With rapid user growth and increasing service complexity, there is a growing need for robust system operation, risk reduction of dependence on individuals, and balancing feature development with operations. The SRE team is currently driving initiatives such as:
- Establishing operational evaluation criteria
- Implementing SRE rotation among feature developers
- Defining and operating Production Readiness Check (PRC)
If you are passionate about improving large-scale service reliability and enhancing organizational engineering capabilities, join our team during this period of transformation!
Responsibilities
- Build and operate containers and servers (mainly ECS Fargate) on AWS
- Set up and manage databases such as Aurora
- Build and operate search systems using Elasticsearch (on Elastic Cloud)
- Build and operate monitoring with Datadog, New Relic, etc.

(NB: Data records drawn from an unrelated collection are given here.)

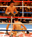 ポイントでもリードし、勝利は見えていたが、王者は相手を仕留めにかかった。動きが鈍ったツニャカオにワンツーを浴びせ、最後は左のストレート。リング上に吹っ飛んだフィリピン人に、もう余力は残っていなかった。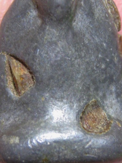 พระร่วงนั่งหลวงพ่อดำ เนื้อชินตะกั่ว (ฝังเขี้ยวหมาป่า) วัดกุฎิ จ.ปราจีนบุรี
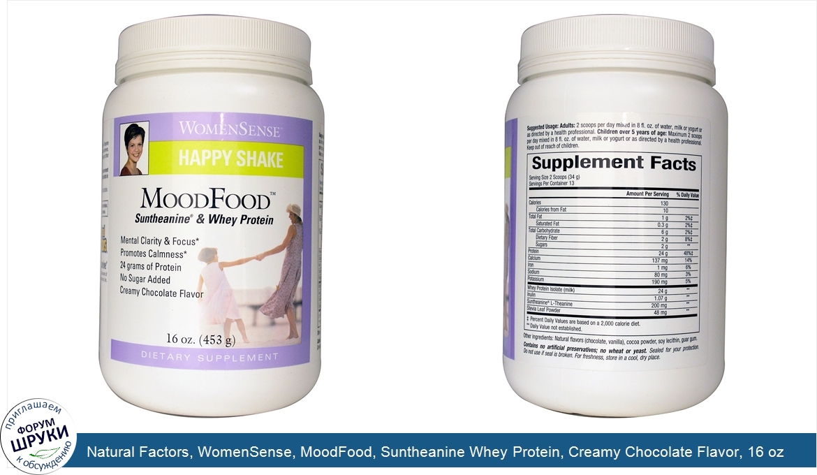 Natural Factors, WomenSense, MoodFood, Suntheanine Whey Protein, Creamy Chocolate Flavor, 16 oz (453 g)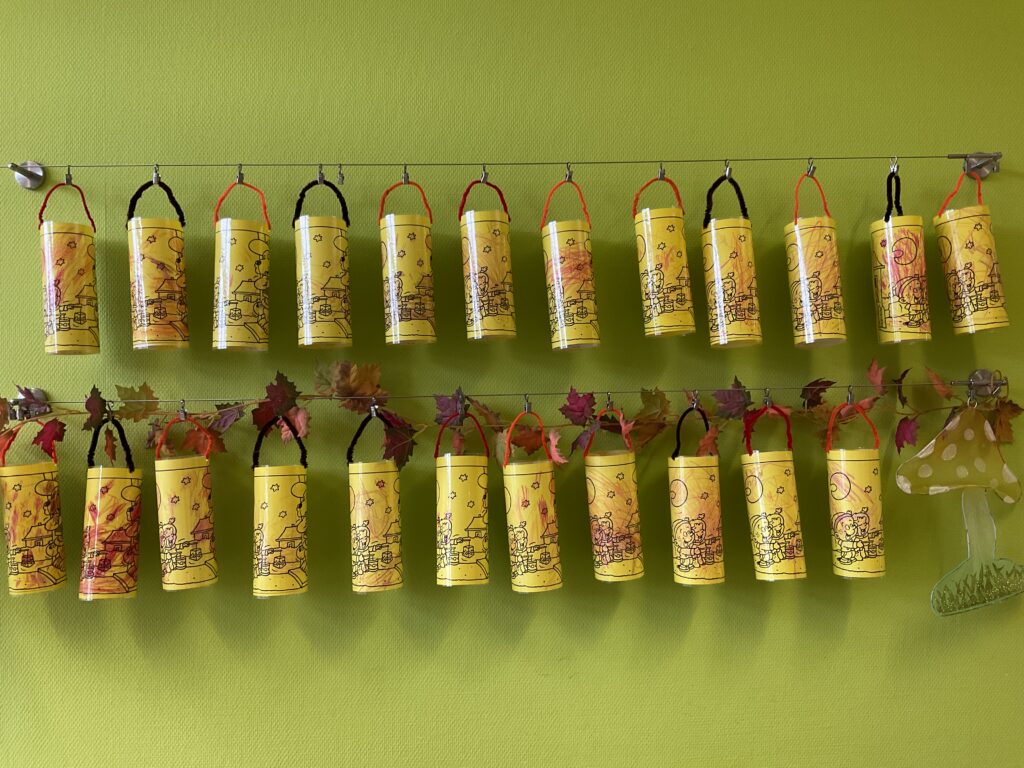 De lampionnen hangen klaar om mee naar huis te gaan. Met wasco en ecoline hebben we Tomke versierd. Daarna de lampion gelamineerd, zodat hij waterproof is. Regen of niet, onze lampion kan er tegen!

- Establish incident response structures, identify and resolve operational challenges
- Manage and optimize infrastructure costs
What Makes This Job Attractive
- Handle large-scale, high-traffic services used by 50 million monthly users
- Opportunity to polish skills in scalable system design and operation
- Contribute to infrastructure that supports everyday life
- Feel the impact of supporting services people rely on daily
- Tackle technical challenges across multiple products
- Collaborate with different project teams, impacting reliability and infrastructure broadly
- Help shape team culture and systems as part of the Enabling SRE team
- Contribute to building the operational foundation of the entire organization
- Collaborate beyond development and infrastructure boundaries
- Promote full-cycle development and grow with a broad set of skills
Technology Stack
- Infrastructure: AWS (CloudFront, ALB, ECS, EC2, Aurora, DynamoDB, ElastiCache, S3, Lambda, Athena, CodePipeline, CodeBuild, etc.)
- Middleware: MySQL, Memcached, Nginx, Elasticsearch, Fluentd
- OS/Containers: Linux, ECS, Docker
- Configuration Management: Terraform, Ansible, Packer
- Monitoring: Kibana, CloudWatch, Sentry, Datadog, New Relic
- Languages: Mainly Ruby, with Python/JavaScript for Lambda
Further Reading
Requirements
(Requirements not explicitly provided in the original. Please inquire for specifics.)
Preferred Experiences
- Enjoys using SQL to analyze how developed features are used
- Likes to catch up on and apply the latest tech trends
- Likes organizing or participating in study sessions or coding meetups
- Has spoken at conferences like DroidKaigi
- Recognized as a DATA SUPERHEROES by Snowflake
We are Looking for People Who
- Are interested in building infrastructure services for everyday life
- Proactively implement the latest technologies into their environment
- Want to grow products using their technical expertise
Working Conditions
Salary
- Annual salary: ¥7,000,000 – ¥12,000,000 (including twice-yearly bonus)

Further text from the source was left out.